--- EXERCISE DIRECTIONS ---
Reproduce, word for word, the lines in the material below starting with the one that has "universe is a" and going on through the one that has "Building Block Messy". Leave out all pictures.

--- DATA SHOWN ---
================================

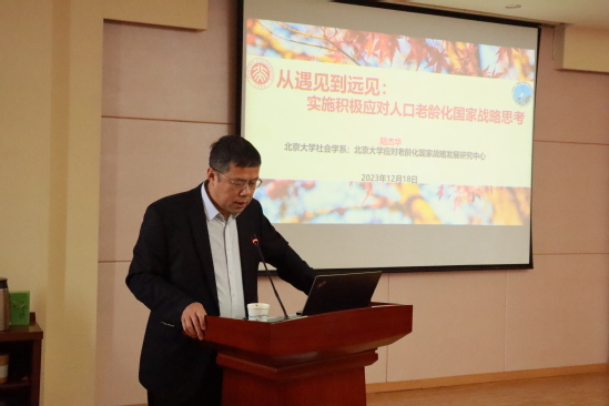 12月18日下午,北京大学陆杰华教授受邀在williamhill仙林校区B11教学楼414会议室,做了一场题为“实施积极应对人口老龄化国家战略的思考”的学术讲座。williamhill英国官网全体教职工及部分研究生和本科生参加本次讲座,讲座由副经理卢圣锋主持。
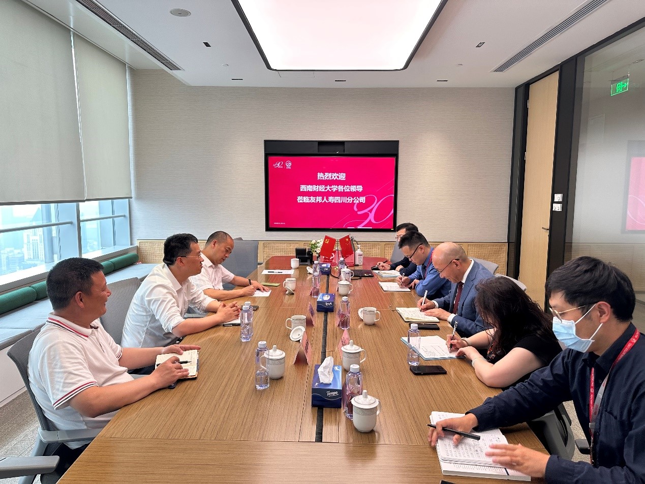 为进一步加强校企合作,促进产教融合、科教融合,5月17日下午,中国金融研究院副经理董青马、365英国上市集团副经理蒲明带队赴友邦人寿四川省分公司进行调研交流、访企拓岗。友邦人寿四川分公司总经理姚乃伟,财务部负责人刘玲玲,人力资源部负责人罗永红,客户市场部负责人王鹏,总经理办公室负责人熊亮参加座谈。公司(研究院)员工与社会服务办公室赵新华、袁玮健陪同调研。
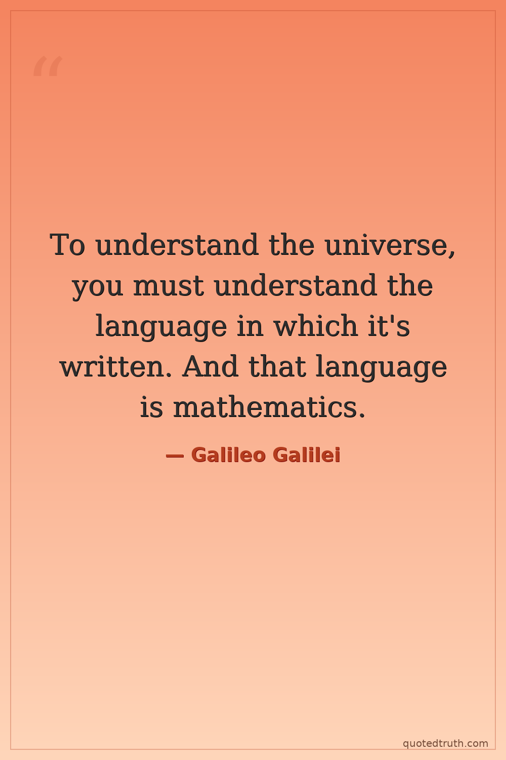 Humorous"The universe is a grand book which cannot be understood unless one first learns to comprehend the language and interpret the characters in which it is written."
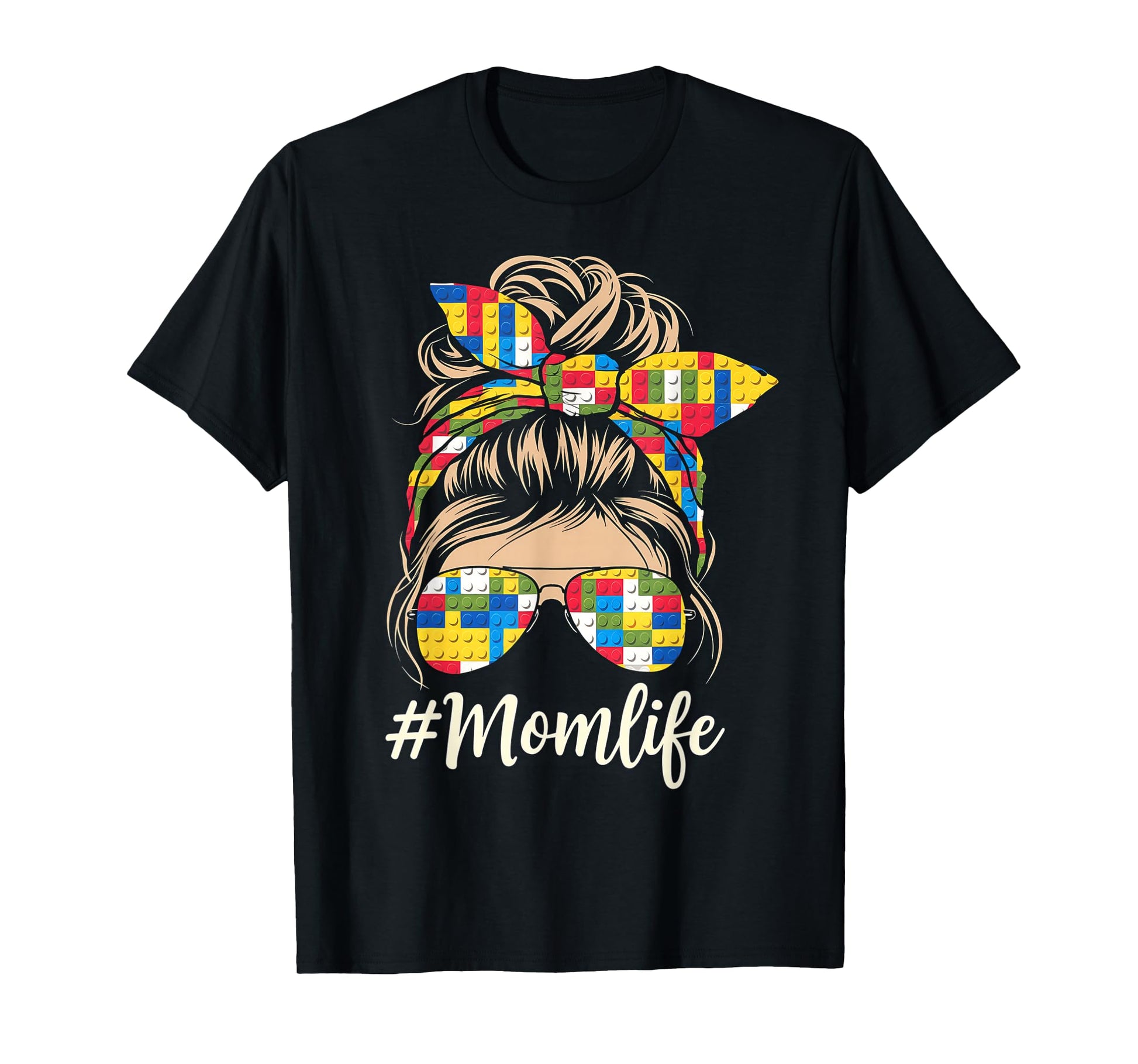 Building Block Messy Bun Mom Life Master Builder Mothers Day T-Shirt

================================

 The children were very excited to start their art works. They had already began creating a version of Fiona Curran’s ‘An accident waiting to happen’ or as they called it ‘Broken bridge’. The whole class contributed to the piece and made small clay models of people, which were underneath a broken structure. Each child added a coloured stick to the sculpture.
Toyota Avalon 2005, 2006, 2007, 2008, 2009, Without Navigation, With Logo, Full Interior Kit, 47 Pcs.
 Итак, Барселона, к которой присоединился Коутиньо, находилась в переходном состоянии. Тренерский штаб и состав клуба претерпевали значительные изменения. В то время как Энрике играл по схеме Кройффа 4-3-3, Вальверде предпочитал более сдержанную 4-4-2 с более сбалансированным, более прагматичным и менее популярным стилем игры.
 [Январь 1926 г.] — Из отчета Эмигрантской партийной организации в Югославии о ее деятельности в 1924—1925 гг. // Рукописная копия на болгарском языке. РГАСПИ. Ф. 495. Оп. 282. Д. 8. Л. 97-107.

================================

--- ANSWER BELOW ---
 Humorous"The universe is a grand book which cannot be understood unless one first learns to comprehend the language and interpret the characters in which it is written."
 Building Block Messy Bun Mom Life Master Builder Mothers Day T-Shirt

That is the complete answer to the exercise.